MCPD Assistant Chief George Copas is overseeing the revival of the reserve program, which dates back to the late 1970s.

Copas said the program is a win/win for the city and for the volunteer reserve officers.

The city benefits because its officers are safer by having a partner to watch their backs.

And the reserves are gaining experience and knowledge that will not only be useful on their resume, but in their later career if they become professional officers.

“It’s basically a foot in the door to introduce them into law enforcement,” Copas said. This experience is going to show you what being a police officer is all about and hopefully help you make up your mind whether or not this is the career you want.”

MCPD reserves are required to take 80 hours of training before they can ride with an officer.

Mount Carmel is the only municipality in Hawkins County with a reserve police officer program. The Hawkins County Sheriff’s Office also has a reserve program that carries about 10 reserve deputies at any given time.

They’re trained, they’re armed and they can write tickets and make arrests. Copas said the main difference between reserves and regular officers is they don’t work alone, and they don’t get paid.

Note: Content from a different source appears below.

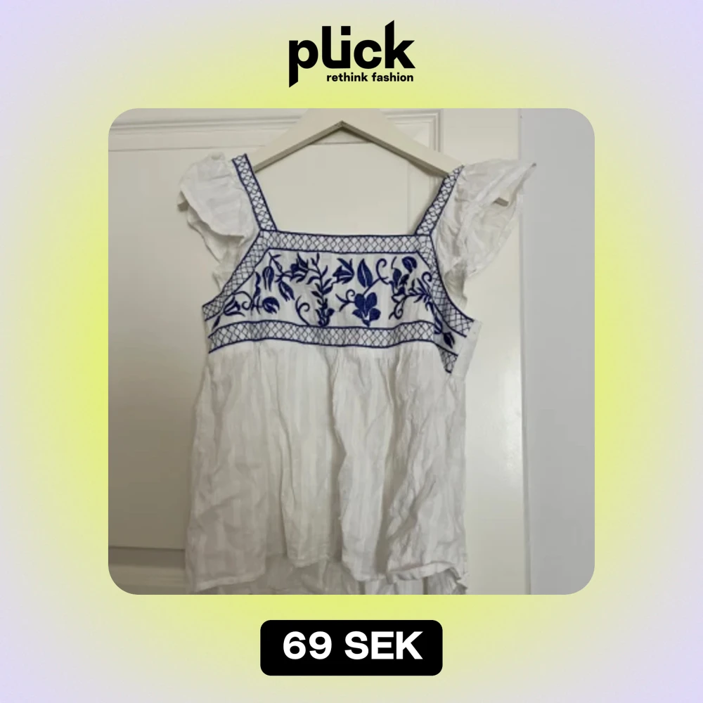 Vit topp med blåa detaljer, går att knyta i ryggen🤍säljer för den ej kommer till användning

“They’re sworn police officers, but they’re not on the payroll,” Copas noted. “It’s just like a volunteer firefighter. They do everything a full-time professional firefighter can do, but they’re volunteers and they’re not getting paid.”

Copas said he’s hoping to build Mount Carmel’s reserve officer roster up to around 10.

“Having two officers in one vehicle is a definite benefit for officer safety,” Copas said. “One of the key components we’ve utilized reserve officers for is like when we have the block parties — when there’s high demand of an officer’s presence. We’re very short-handed as it is, so it’s nice to have a reserve officer pool that we can pull from.”